La Guyane française, est un réservoir naturel détenant de nombreux agents pathogènes zoonotiques d’importance médicale ou vétérinaire. Les données présentes sur les parasites circulants dans cette région, en particulier les protozoaires du phylum Apicomplexa, sont limités. Néanmoins, les pays voisins rapportent une prévalence parasitaire élevée chez les animaux et les humains. Ainsi, une surveillance épidémiologique est nécessaire car de nouvelles souches potentiellement virulentes peuvent émerger de ces écosystèmes forestiers, comme ce fût le cas avec la toxoplasmose amazonienne. Cependant, il n’existe pas d’outil standard pour détecter les protozoaires dans la faune sauvage.

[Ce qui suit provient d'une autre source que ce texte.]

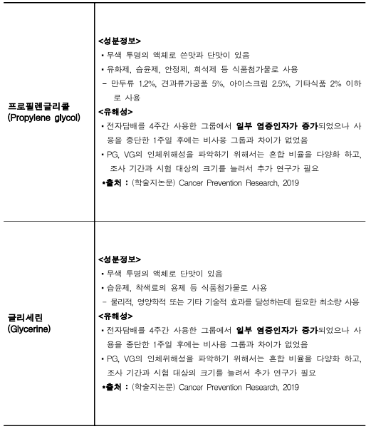 ○ 넷째, 액상형 전자담배 구성성분의 대부분을 차지하는 프로필렌글리콜(PG)과 글리세린(VG)은 담배와 유사담배의 모든 제품에서 검출되었다.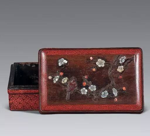 百宝嵌漆器:将各种宝物,如宝石、象牙、珊瑚以及玉石等材料有机结合到器物上,百宝生辉、使器物尽显富贵奢华之气。百宝嵌的图案花纹会随着照射光线角度的变化,发出各种各样的光彩,是我国古代工艺美术的一绝。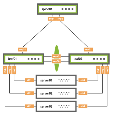 sudo ifreload -acommand to apply all the configuration changes:cumulus@leaf01:~$ sudo ifreload -acumulus@leaf02:~$ sudo nano /etc/network/interfaces ... auto br_default iface br_default bridge-ports bond1 bond2 peerlink bridge-vlan-aware yes ... auto peerlink iface peerlink bond-slaves swp49 swp50auto peerlink.4094 iface peerlink.4094 clagd-backup-ip 10.10.10.1 clagd-peer-ip linklocal clagd-sys-mac 44:38:39:FF:00:AA …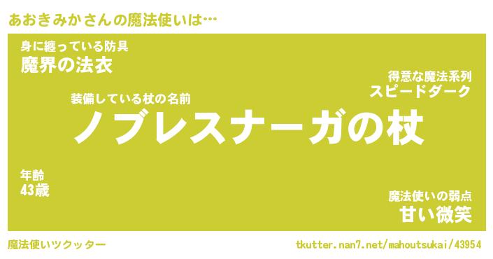 | ツイッター | あおきみかさんのツイッターID『namakemono_nyan』 |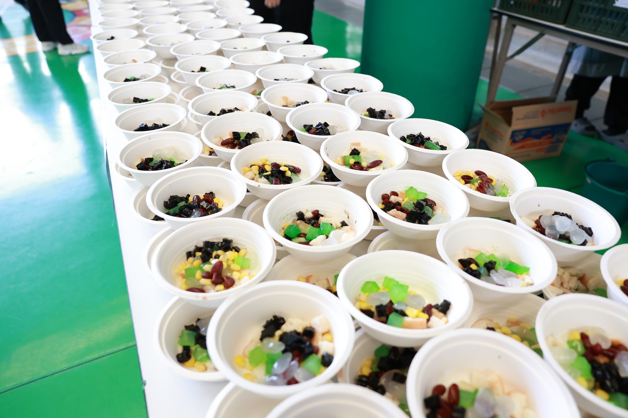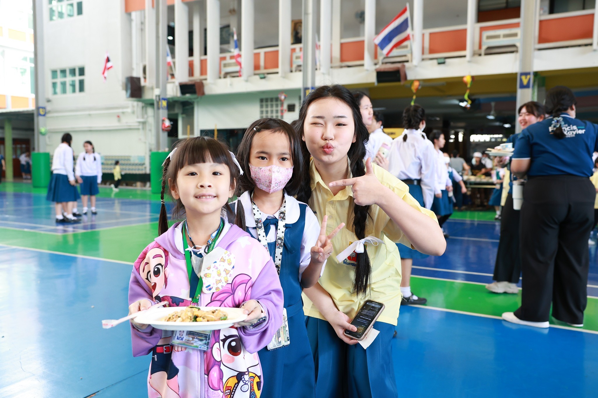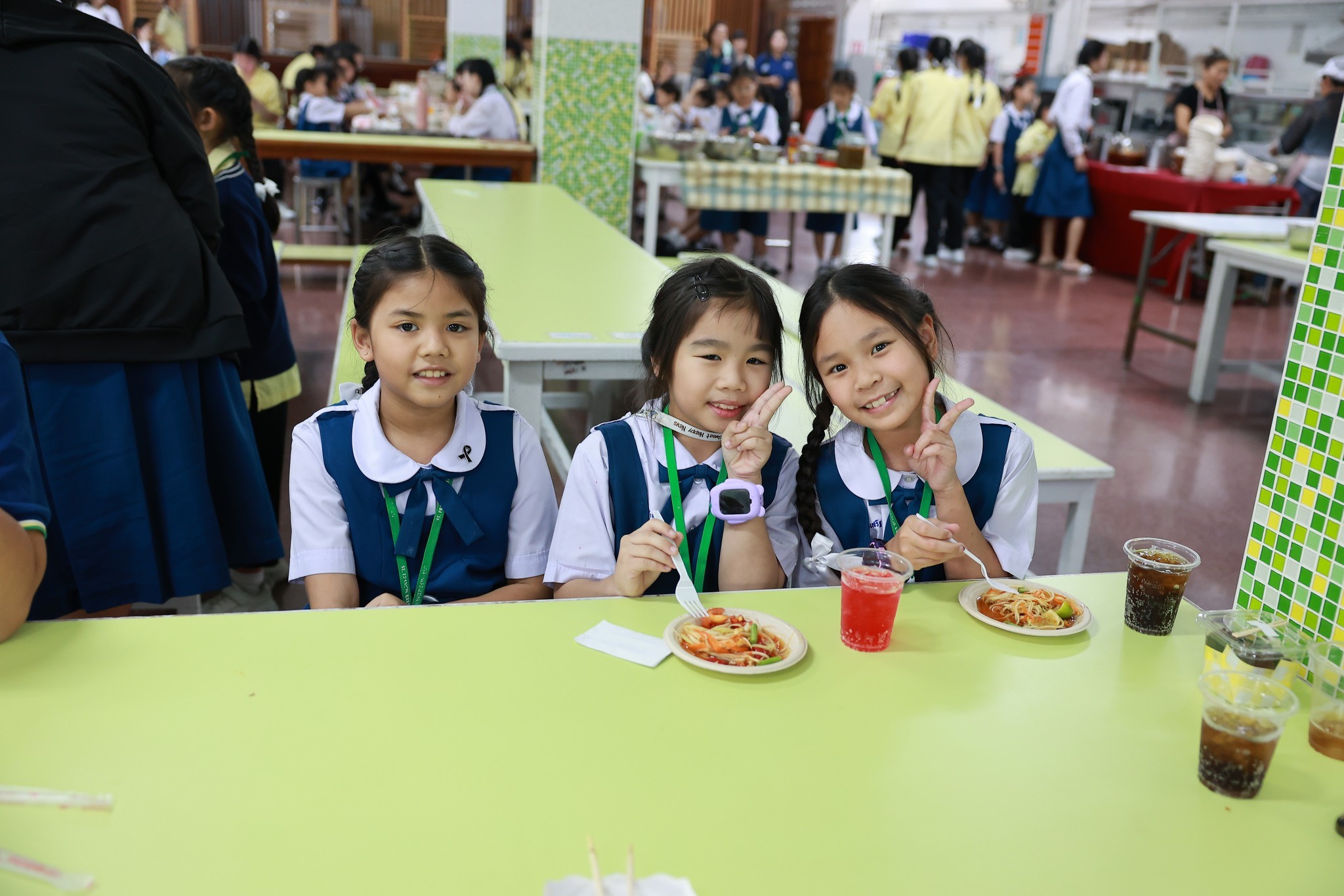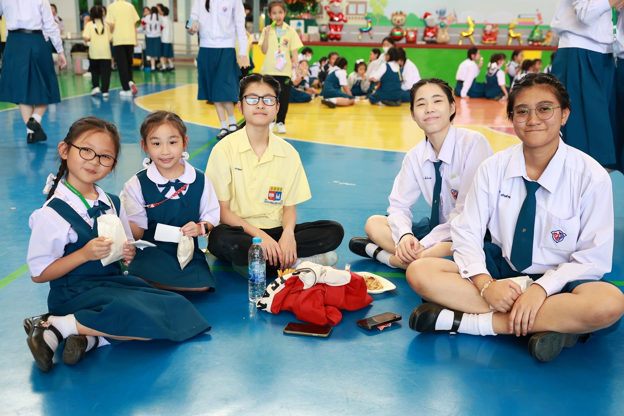 พี่ๆ ม.2 – ม.6 ก็เดินไปรับน้อง ป.1 – ป.2 มารับประทานอาหาร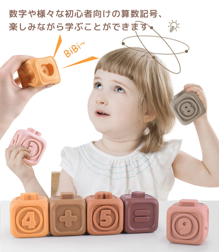 赤ちゃん おもちゃ 積み木 立体パズル 型合わせ カタチ遊び 知育玩具 色認識 数字認識 図形認識 シリコン製 出産祝い ソフトブロック 音の出る 男の子 女の子 早期開発 柔らかい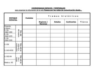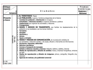 20 ANYS D’INNOVACIÓDOCENT EN COMUNICACIO Estructura de la web: les coordenades: Espais: de les localitats a les trames històriques Temps: de llarga, mitjana i curta durada D’acord amb l’abast de la expansió de les xarxes i mitjans de comunicació En la història contemporània, d’acord amb el recanvi generacional Camps temàtics , per a elaborar explicacions no-androcèntriques El territori : mapes La població: quantitat y distribució, activitats, relacions socials, organització institucional Els mitjans de transport de cada època a cada espai Els mitjans de comunicació de cada època a cada espai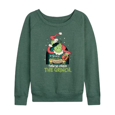 Women's - The Grinch - The Grinch If Santa Could Do It Lightweight French Terry Wide Neck Long Sleeve Graphic Shirt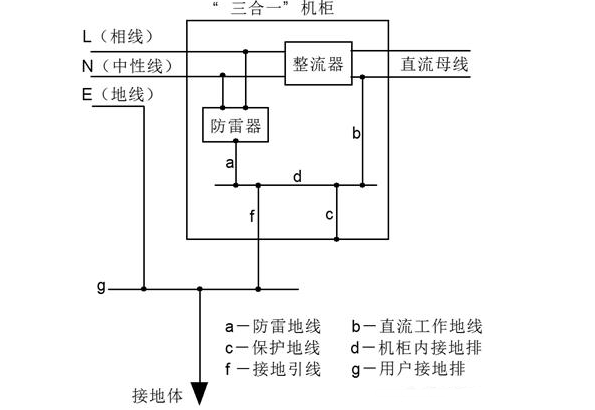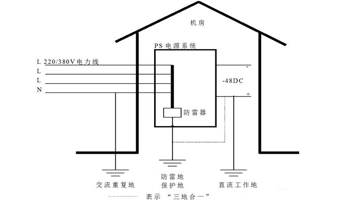 联合接地为三地合一,包括直流工作地、防雷接地、保护接地。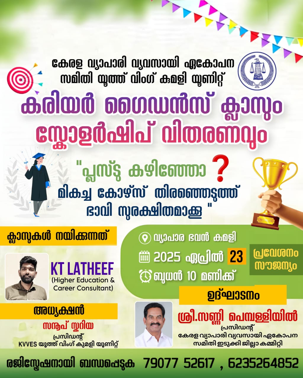 23 – 04-2025 ബുധനാഴ്ച്ച രാവിലെ 10 മണി മുതൽ കുമളി വ്യാപാര ഫൈനൽ വച്ച് “കരിയർ ഗൈഡൻസ് സെമിനാറും, സ്കോളർഷിപ്പ് വിതണവും സംഘടിപ്പിക്കും.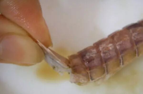 ①把尾部最外面两个小脚拧断,然后捏着尾部轻轻往上一折,再拧掉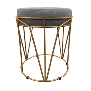 Kit 02 Puffs Multi Com Mesa Babu 2 Em 1 Suede Grafite Base Dourado - D'rossi

Cette étude a permis de développer un pipeline « Meat borne parasite » qui est basé sur le séquençage nanopore. Cet outil d’analyse de métabarcoding permet la description de la biodiversité parasitaire du phylum Aplocomplexes à partir des tissues animaux. Parmi les échantillons analysés, 71,42% (10/14) ont été confirmés positifs, avec détection de 28.5% (4/14) de co-infections. Les résultats ont été validés par séquençage Illumina, montrant une forte corrélation (r Pearson = 0.86; t-test p-value = 2.6 × 10−11) entre les deux plateformes jusqu’au niveau du genre.

Ce protocole offre une méthode fiable pour détecter les parasites Apicomplexa et pourrait améliorer la surveillance des agents pathogènes zoonotiques dans les écosystèmes tropicaux.